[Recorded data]
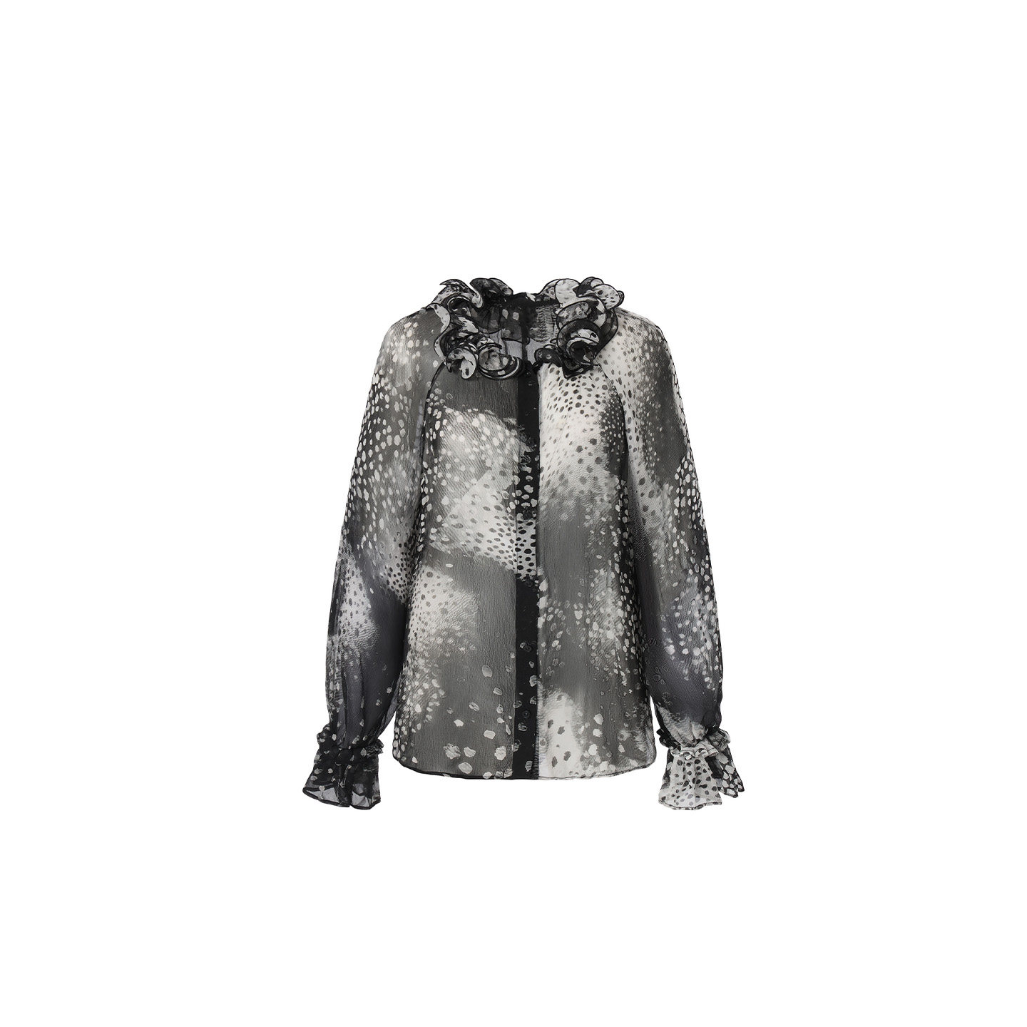 为您提供商品LEDIM 野性豹纹解构雪纺荷叶领衬衫 女黑色上衣25秋新款 WANG黑标的详细介绍,
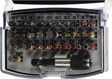 Coffret d’embouts de vissage extra-durs, 32 pieces – Pour perceuses/visseuses rotatives Le coffret d’embouts de vissage 32 pieces convient a une utilisation universelle Le set contient divers embouts de vissage Utilisation universelle L’embout de vissage Extra Hard convient a une utilisation universelle Le coffret d’embouts de vissage 32 pieces fournit une boîte de rangement pratique et solide permettant une visualisation immédiate du contenu, un transport facile et un rangement en toute sécurité. L’embout est doté d’une queue hexagonale 1/4" pour un vissage universel avec les visseuses et perceuses-visseuses.>
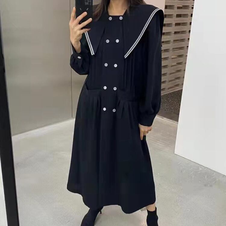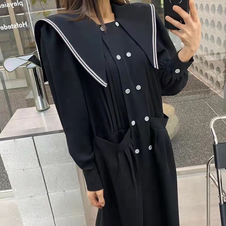 薄手秋物スタイルスカート ダブルブレストワンピース オータム GroundMODE78156522773
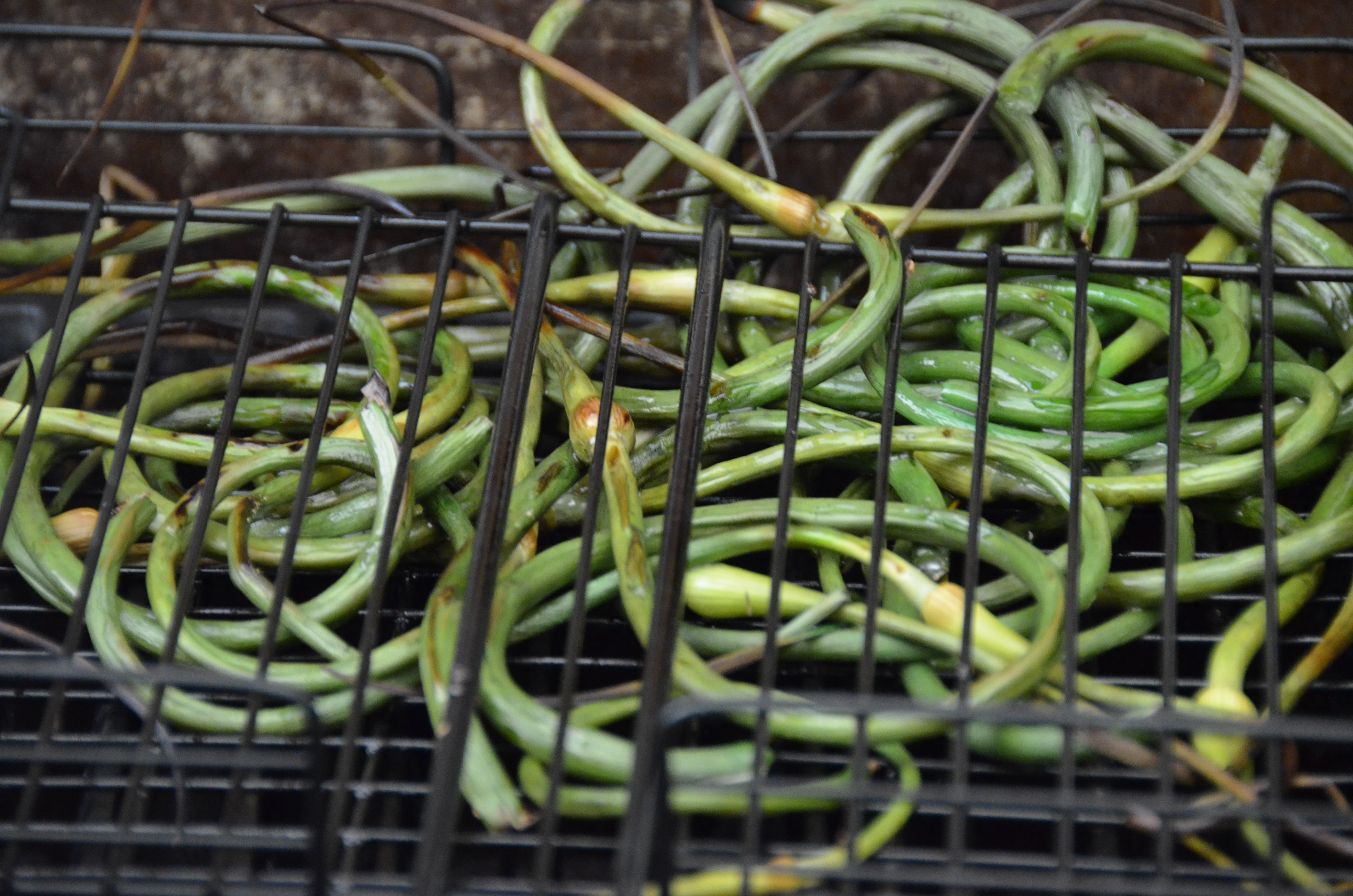 2. Toss grilled scapes with olive oil, salt and pepper.
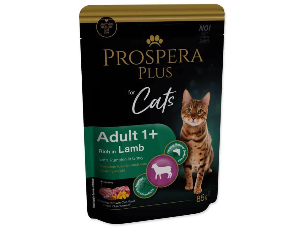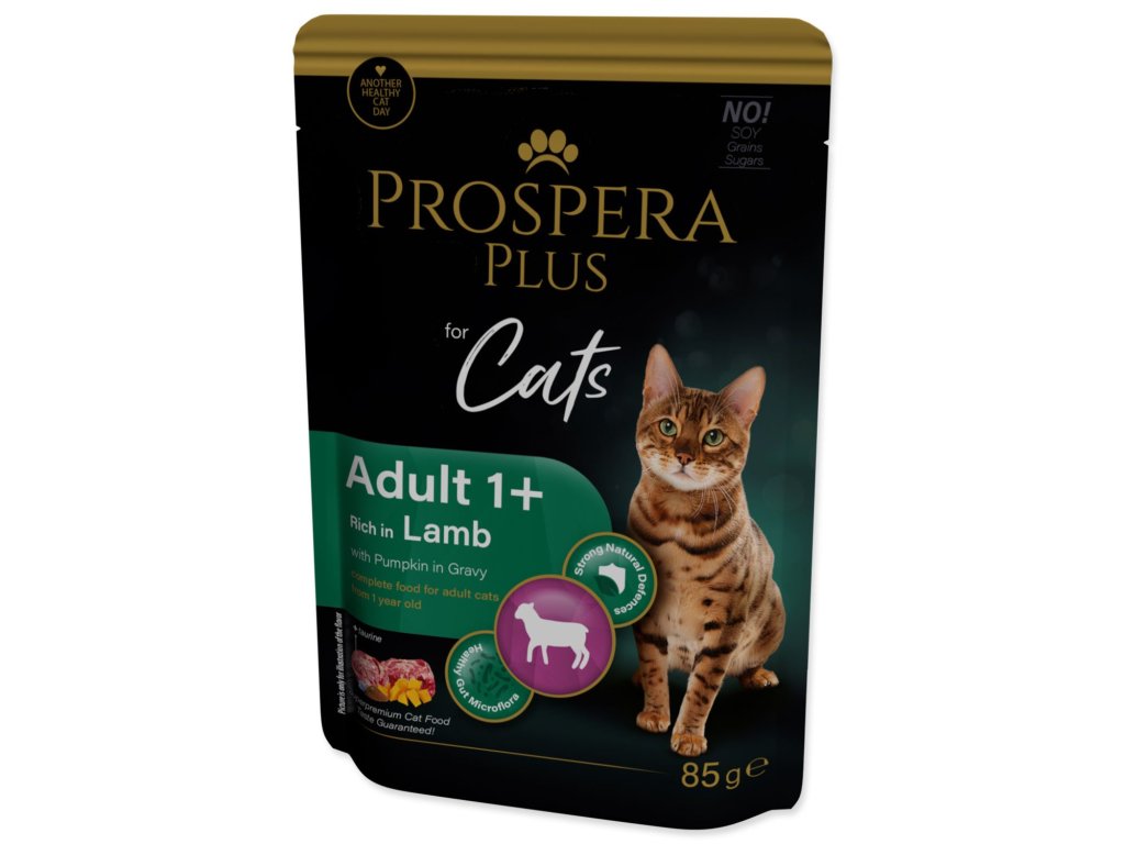 Kompletní krmivo pro kočky od 1 roku v podobě kapsičky s jehněčím a dýní v omáčce.
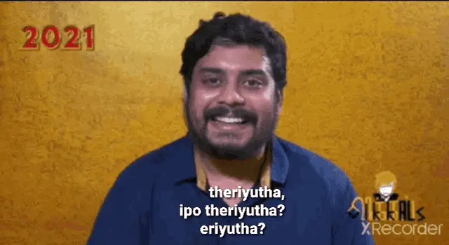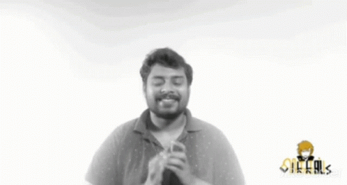 Vikkals Vikram, also known as Vikram Arul Vidyapathi, smiles mischievously in this black and white clip.
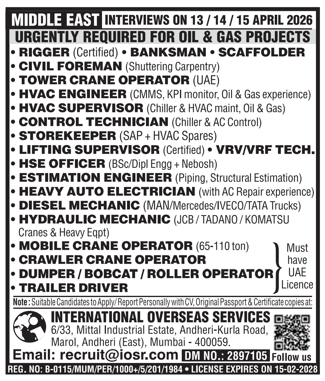 These roles are ideal for candidates with Gulf experience or those seeking to build a career in large-scale industrial and infrastructure projects in the Middle East.
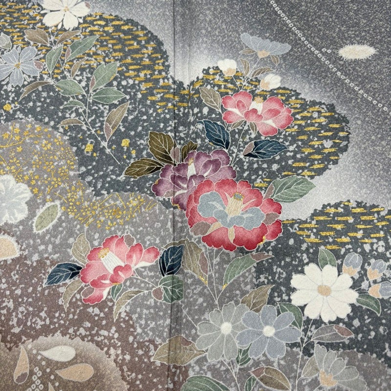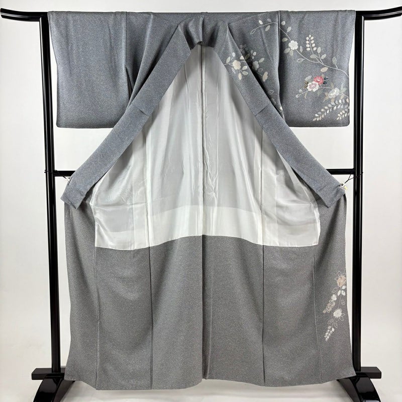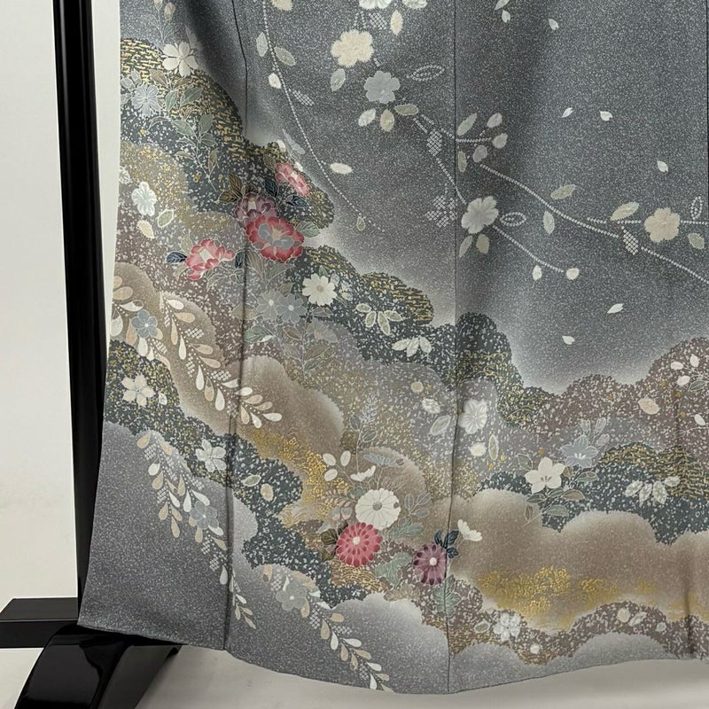 【訪問着】 灰色系 灰色 秀品 A 約160cm~約169cm 裄丈63cm-64cm (M)size 袖丈48cm 9990-29990 美品 二万以下
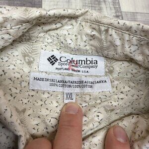 This lot includes five Columbia men's short sleeve button-up shirts, all in size XXL. Crafted from 100% cotton, these shirts feature fishing-themed designs, ideal for outdoor and casual wear.
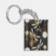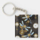 Steampunk Dragonflies on brown striped background Keychain
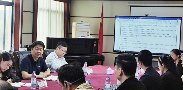 会议首先由艺术学院副院长赵文代学院院长金波教授汇报,首先对标教育部的申报标准,向全体参会人员详细汇报了美术与书法专业硕士点的申报进展。他全面介绍了核心师资队伍的构成、教学科研的成果以及所获得的荣誉等关键指标,并针对每位骨干教师的详细情况,提出了具体的后续工作计划。
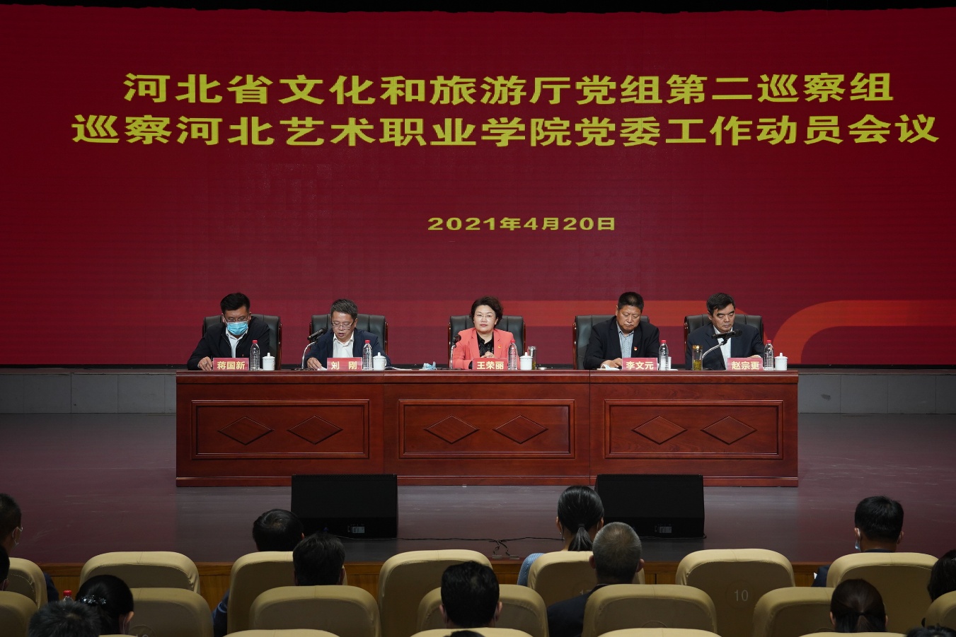 根据河北省文化和旅游厅党组第二轮巡察工作统一部署,4月20日,厅党组第二巡察组巡察河北艺术职业学院党委工作动员会召开。会前,厅党组成员、副厅长、厅巡察办主任王荣丽主持召开与艺术职业学院党委书记赵宗更、院长蒋国新的见面沟通会,传达了全省巡视巡察工作会议和厅党组第二轮巡察工作动员会议精神,通报了有关工作安排。动员会上,王荣丽作了动员讲话,对做好巡察工作提出要求。厅党组第二巡察组组长刘刚通报了巡察任务和总体安排,赵宗更主持会议并作表态发言。

*Activity*
Only the lines from the first line of the entries through the line containing "9990-29990 美品 二万以下" should be output, exactly as they are, without pictures.

*Solved problem*
 为您提供商品LEDIM 野性豹纹解构雪纺荷叶领衬衫 女黑色上衣25秋新款 WANG黑标的详细介绍,
 Coffret d’embouts de vissage extra-durs, 32 pieces – Pour perceuses/visseuses rotatives Le coffret d’embouts de vissage 32 pieces convient a une utilisation universelle Le set contient divers embouts de vissage Utilisation universelle L’embout de vissage Extra Hard convient a une utilisation universelle Le coffret d’embouts de vissage 32 pieces fournit une boîte de rangement pratique et solide permettant une visualisation immédiate du contenu, un transport facile et un rangement en toute sécurité. L’embout est doté d’une queue hexagonale 1/4" pour un vissage universel avec les visseuses et perceuses-visseuses.>
 薄手秋物スタイルスカート ダブルブレストワンピース オータム GroundMODE78156522773
 2. Toss grilled scapes with olive oil, salt and pepper.
 Kompletní krmivo pro kočky od 1 roku v podobě kapsičky s jehněčím a dýní v omáčce.
 Vikkals Vikram, also known as Vikram Arul Vidyapathi, smiles mischievously in this black and white clip.
 These roles are ideal for candidates with Gulf experience or those seeking to build a career in large-scale industrial and infrastructure projects in the Middle East.
 【訪問着】 灰色系 灰色 秀品 A 約160cm~約169cm 裄丈63cm-64cm (M)size 袖丈48cm 9990-29990 美品 二万以下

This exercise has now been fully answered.